#### EXERCISE PROMPT:
Retype each entry below exactly. Do not carry any image over.

Excerpts from a dataset
- - - -

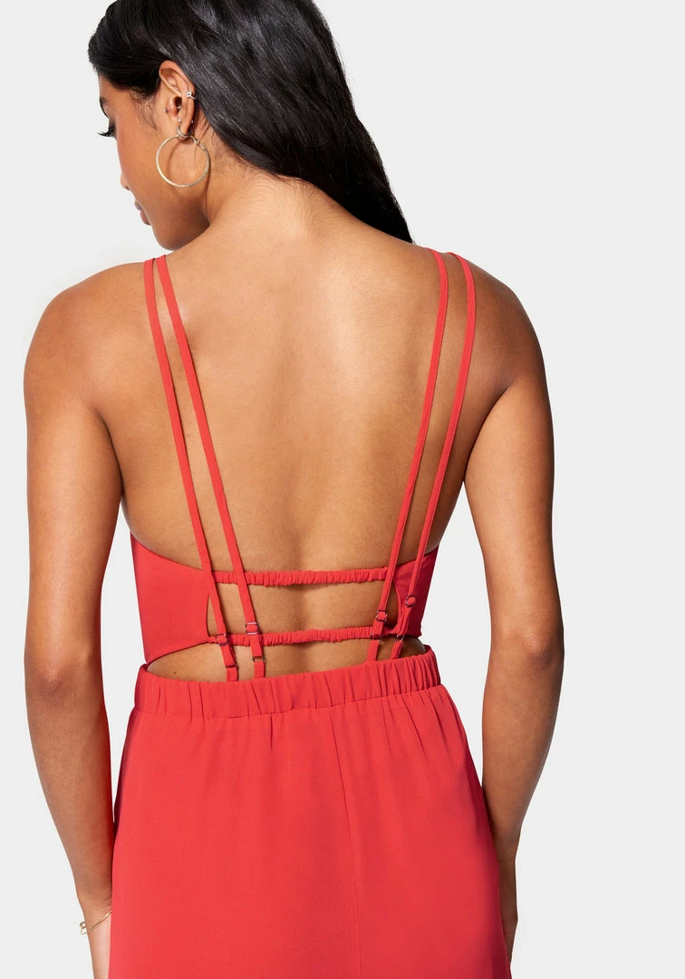 Summer’s a breeze. This faux wrap maxi dress features a sheer overlay with a mini skirt lining, a strappy caged back, and a flowy silhouette. Pair with a stiletto heel or lucite sandal for a hot night out.
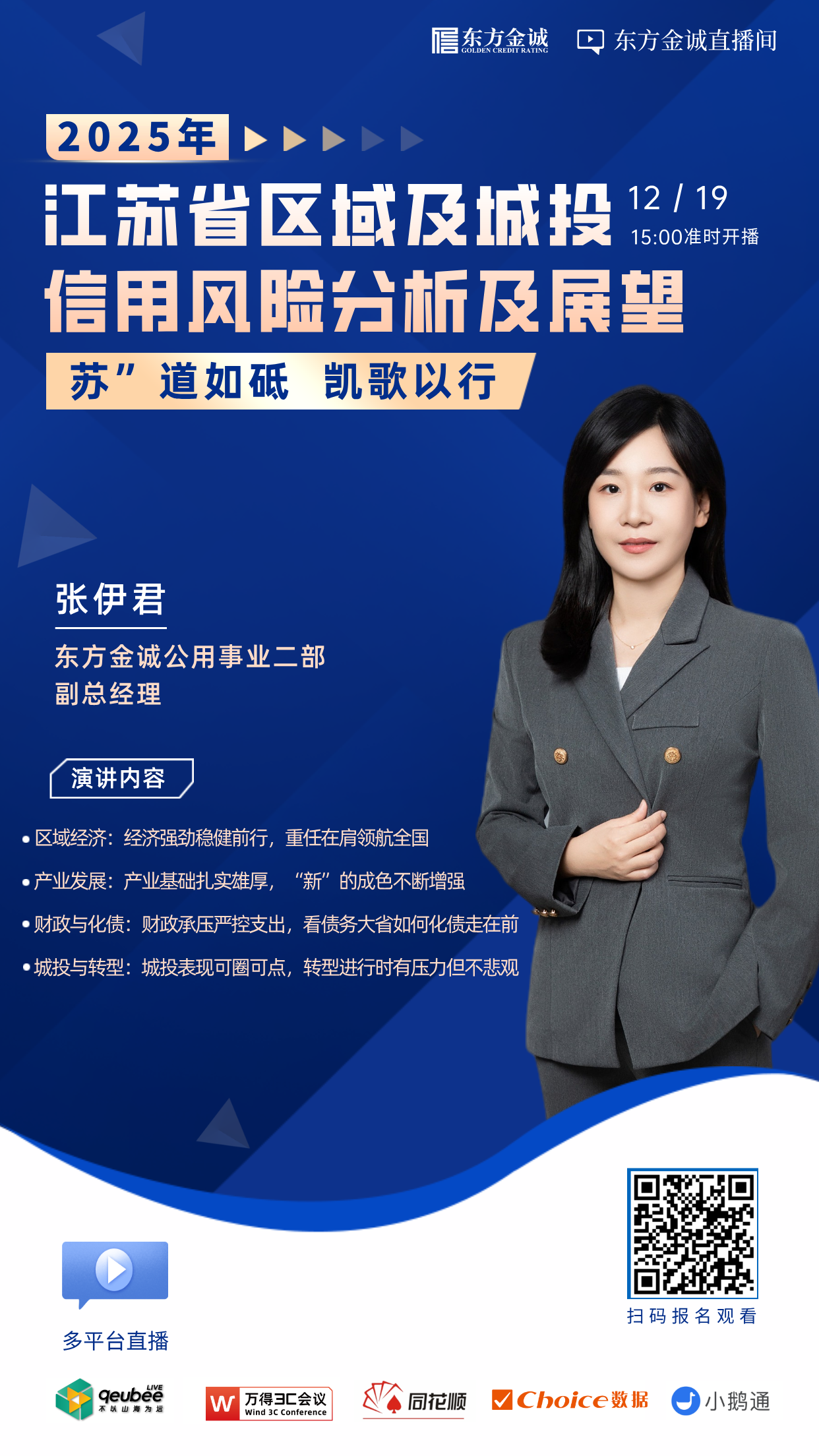 为了更好地发挥金诚研究“三个服务”的作用,进一步强化与社会各界的学习、研讨和交流,东方金诚于2024年12月19日组织““苏”道如砥 凯歌以行——2025年江苏省区域及城投信用风险分析及展望”线上交流会,分享对相关领域的研究和思考。
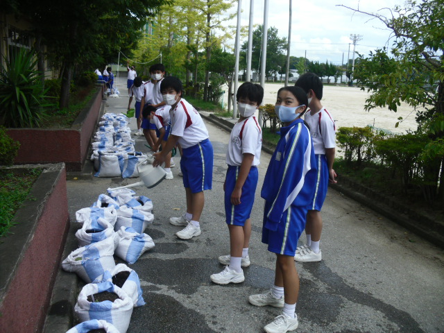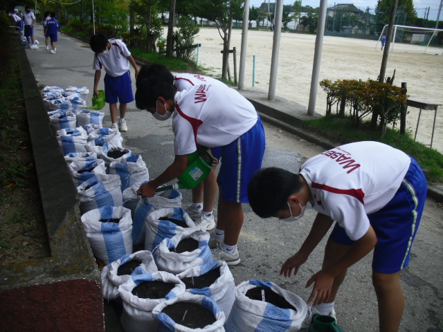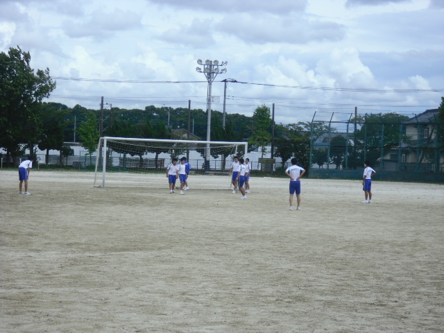 昼休みです。そんなに暑くはありませんでしたが、いつもより外に出ている生徒が少なかったです。技術で栽培しているダイコンの水やりをしたり、サッカー・バレーボールをしたりしていました。
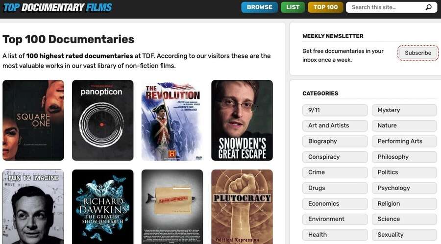 Hvis du er på udkig efter gratis dokumentarfilm, finder du masser på Top Documentary Films. Der er et varieret udvalg, herunder amatørdokumentarfilm, som du måske ikke har hørt om før.
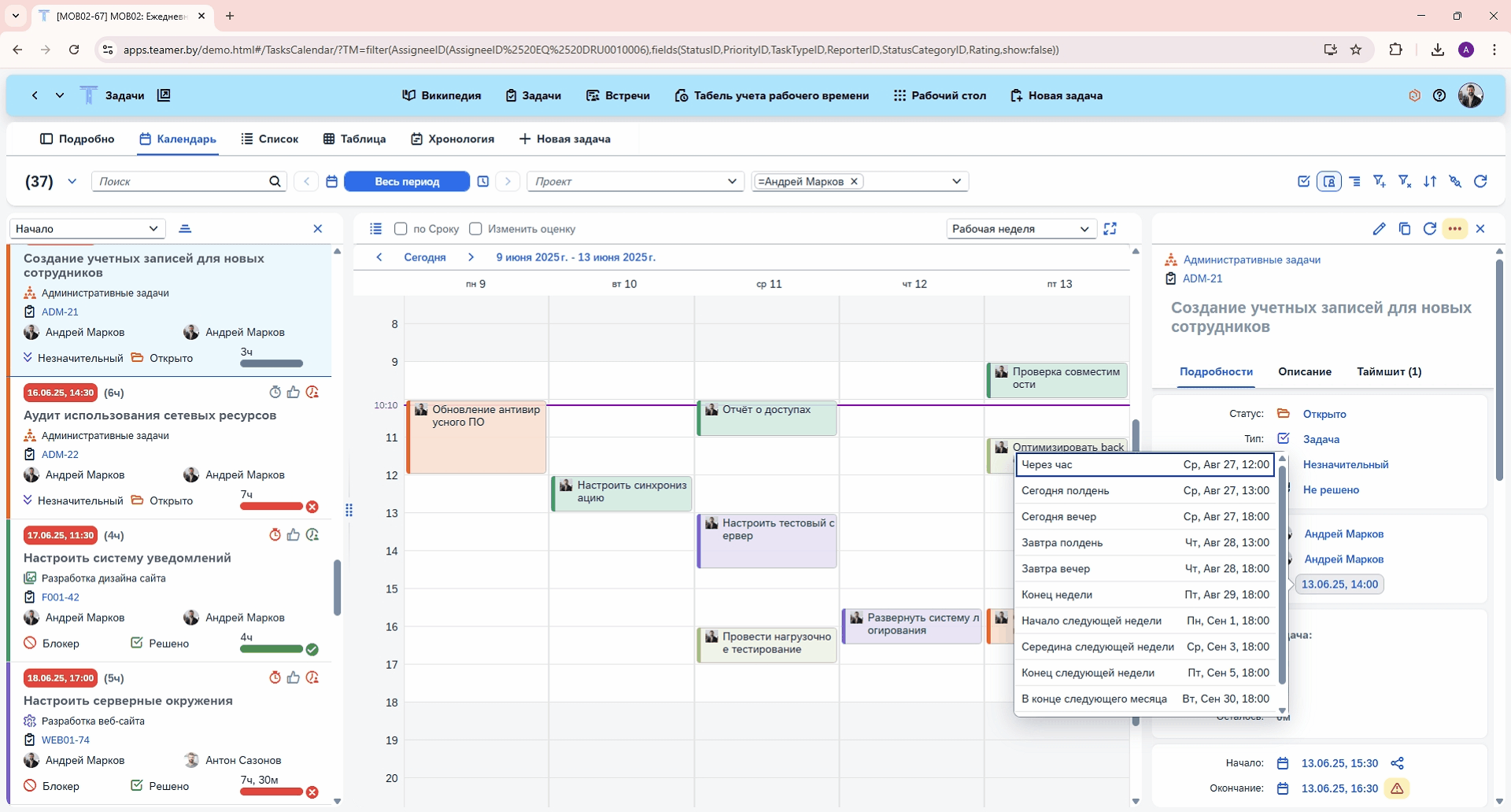 Возможность не только указать срок выполнения задачи, но и спланировать, в какое время сотрудник будет заниматься задачей. Расставляйте задачи в порядке выполнения, основываясь на их зависимости друг от друга, командной работы, вашего рабочего времени.
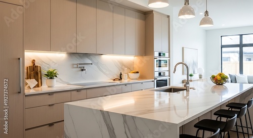 kitchen, marble, island, cabinet, interior, organisation, chair, lighting, sink, simplicity, luxury, furniture, refrigerator, sleek, ambience, microwave, glassware, faucet, contemporary, appliance, elegance, lamp, utensil, bottle, illumination, atmosphere, large, side, brightness, oven, cleanliness, plant, white, modern, minimalist, scene, tableware, dinnerware, flower, pendant, cookware, vase, decor, 1, jar, viewed, backsplash, countertop
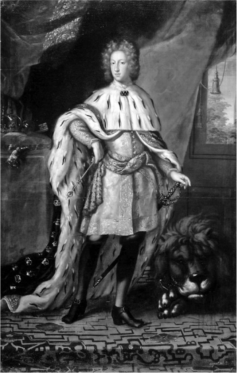 Король Швеции Карл XII в коронационном костюме в окружении символов королевской власти. Давид Клёккер-Эренстраль, 1697 г. Национальный музей Швеции
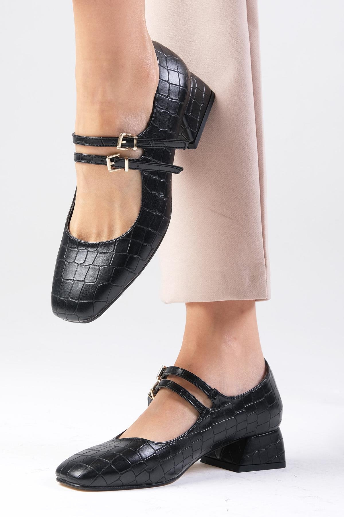 Giorgia Siyah Renk Kısa Topuklu Ayakkabı (01558BLV)
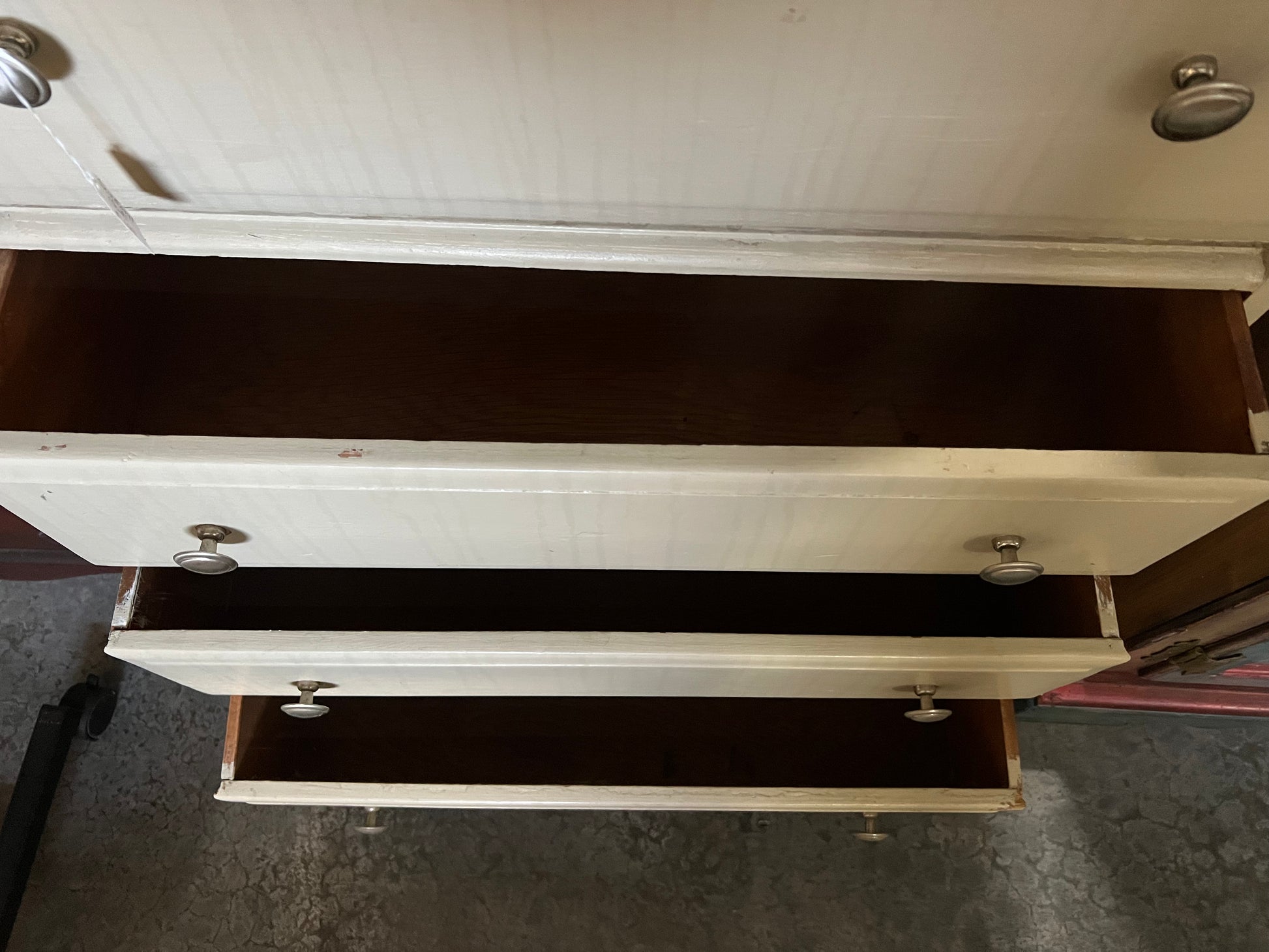 Dovetail construction drawers appear to have some prior repair work, however, all are in good working condition. No structural issues. In good vintage condition.
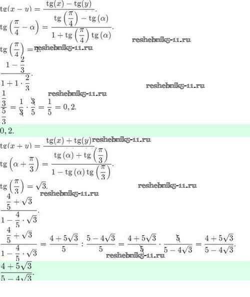 Готовая домашняя работа с ответами по Алгебре за 10 класс Мордкович, Семёнов, Звавич, Корешкова, Мишустина Задачник Базовый и углубленный уровень Мнемозина 2017 ФГОС - §25. Тангенс суммы и разности аргументов 25.10
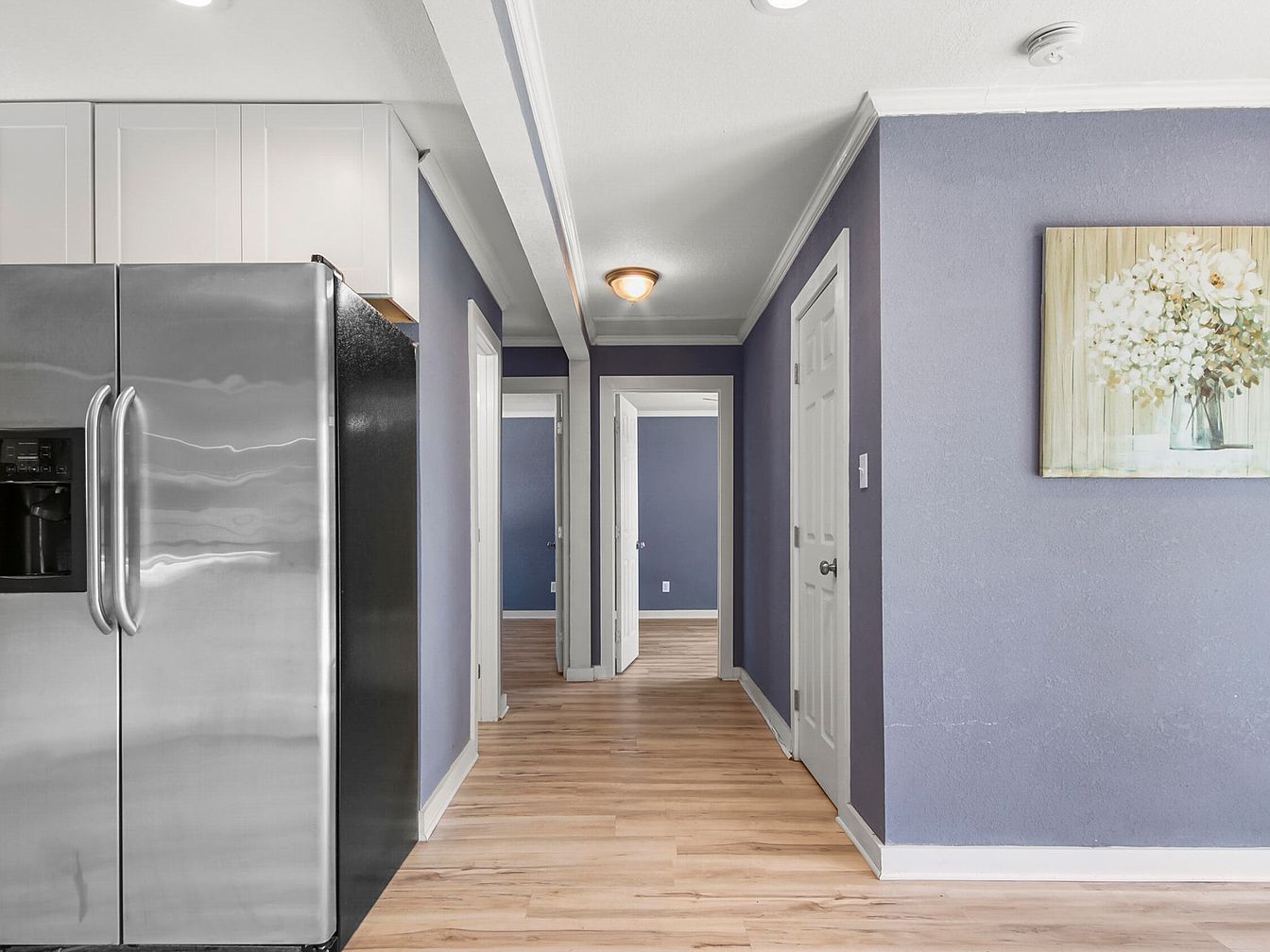 This corridor connects the kitchen area to several rooms, showcasing a smooth transition with light wood laminate flooring that contrasts elegantly with soft purple walls. White trim and door frames add crisp architectural detail, enhancing the bright and clean atmosphere. The hallway ceiling features simple molding and a central light fixture that casts a warm glow. On the left side, a modern stainless steel refrigerator marks the kitchen boundary. The right wall is accented by a tasteful floral painting, adding a subtle decorative touch while maintaining a cohesive, inviting aesthetic throughout the space.

- - - -

#### REPLY:
 Summer’s a breeze. This faux wrap maxi dress features a sheer overlay with a mini skirt lining, a strappy caged back, and a flowy silhouette. Pair with a stiletto heel or lucite sandal for a hot night out.
 为了更好地发挥金诚研究“三个服务”的作用,进一步强化与社会各界的学习、研讨和交流,东方金诚于2024年12月19日组织““苏”道如砥 凯歌以行——2025年江苏省区域及城投信用风险分析及展望”线上交流会,分享对相关领域的研究和思考。
 昼休みです。そんなに暑くはありませんでしたが、いつもより外に出ている生徒が少なかったです。技術で栽培しているダイコンの水やりをしたり、サッカー・バレーボールをしたりしていました。
 Hvis du er på udkig efter gratis dokumentarfilm, finder du masser på Top Documentary Films. Der er et varieret udvalg, herunder amatørdokumentarfilm, som du måske ikke har hørt om før.
 Возможность не только указать срок выполнения задачи, но и спланировать, в какое время сотрудник будет заниматься задачей. Расставляйте задачи в порядке выполнения, основываясь на их зависимости друг от друга, командной работы, вашего рабочего времени.
 kitchen, marble, island, cabinet, interior, organisation, chair, lighting, sink, simplicity, luxury, furniture, refrigerator, sleek, ambience, microwave, glassware, faucet, contemporary, appliance, elegance, lamp, utensil, bottle, illumination, atmosphere, large, side, brightness, oven, cleanliness, plant, white, modern, minimalist, scene, tableware, dinnerware, flower, pendant, cookware, vase, decor, 1, jar, viewed, backsplash, countertop
 Король Швеции Карл XII в коронационном костюме в окружении символов королевской власти. Давид Клёккер-Эренстраль, 1697 г. Национальный музей Швеции
 Giorgia Siyah Renk Kısa Topuklu Ayakkabı (01558BLV)
 Dovetail construction drawers appear to have some prior repair work, however, all are in good working condition. No structural issues. In good vintage condition.
 Готовая домашняя работа с ответами по Алгебре за 10 класс Мордкович, Семёнов, Звавич, Корешкова, Мишустина Задачник Базовый и углубленный уровень Мнемозина 2017 ФГОС - §25. Тангенс суммы и разности аргументов 25.10
 This corridor connects the kitchen area to several rooms, showcasing a smooth transition with light wood laminate flooring that contrasts elegantly with soft purple walls. White trim and door frames add crisp architectural detail, enhancing the bright and clean atmosphere. The hallway ceiling features simple molding and a central light fixture that casts a warm glow. On the left side, a modern stainless steel refrigerator marks the kitchen boundary. The right wall is accented by a tasteful floral painting, adding a subtle decorative touch while maintaining a cohesive, inviting aesthetic throughout the space.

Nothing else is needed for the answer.